Organic and conventional practices:
- Organic farms focus on mechanical weeding, crop rotation, and approved inputs. Conventional farms may use a wider range of crop protection products. Workers on both must follow safety rules and accurate application or scouting protocols.
How to upskill quickly:
- Free online resources: E-learning from EU agricultural bodies, Romanian agricultural university webinars, and reputable farm channels focusing on pruning, trellising, and harvest quality.
- On-farm learning: Ask for a 15-minute daily briefing with your supervisor during the first week to clarify crop targets and problem signs to watch for.
Machinery and Equipment: From Basic Operation to Value-Add Skills
Even if you start as a general worker, the ability to support machinery operation increases your impact and pay potential.
Common farm equipment and tasks:
- Tractors and implements: Disc harrows, seed drills, sprayers, mowers, balers. Know how to approach a tractor safely, use three-point hitch basics, and follow a spotter when attaching implements.
- Combines and harvesters: Ground assistants help manage header changes, clear blockages only when shutdown and locked-out, and handle sample collection and bin coordination.

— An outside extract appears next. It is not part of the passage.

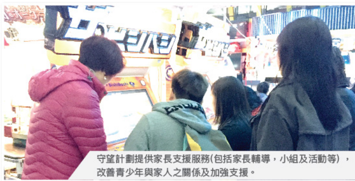
守望計劃提供家長支援服務(包括家長輔導，小組及活動等)，改善青少年與家人之關係及加強支援。
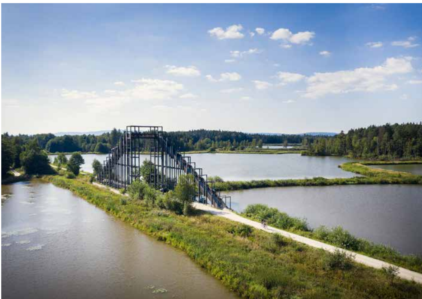
Himmelsleiter in der Tirschenreuther Teichpfanne

- Forklifts and telehandlers: Moving pallets, crates, and big bags; working as a banksman (spotter) in tight yards; respecting load charts and safe lifting practices.
- Greenhouse tools: Trolleys, crop hooks, pruning shears, electric carts - maintain cleanliness and sharpness to prevent plant damage.
Daily pre-start checks you should know:
- Walk-around inspection: Leaks, loose hoses, guards in place, tire condition.
- Fluids: Engine oil, coolant, hydraulic oil, and fuel.
- Controls and safety: Lights, horn, mirrors, seat belts, and brake checks.
- Cleanliness: Remove mud from steps and platforms; clean cabs and tools to reduce contamination.
Licenses and authorizations in Romania (always verify current rules with authorities):
- Public road driving of farm machinery generally requires the appropriate driving license category. Romania recognizes specific categories for tractors and heavy vehicles. Depending on the machine and weight, this can include category TR for tractors or combinations such as B+E/C1E for certain towing configurations. Check with the Romanian Driver License and Vehicle Registration authorities for current rules and your exact scenario.
- Forklift and telehandler operators typically need ISCIR authorization (State Inspectorate for Boilers, Pressure Vessels, and Lifting Installations). Many employers can help schedule training; having this certification in advance is a strong advantage.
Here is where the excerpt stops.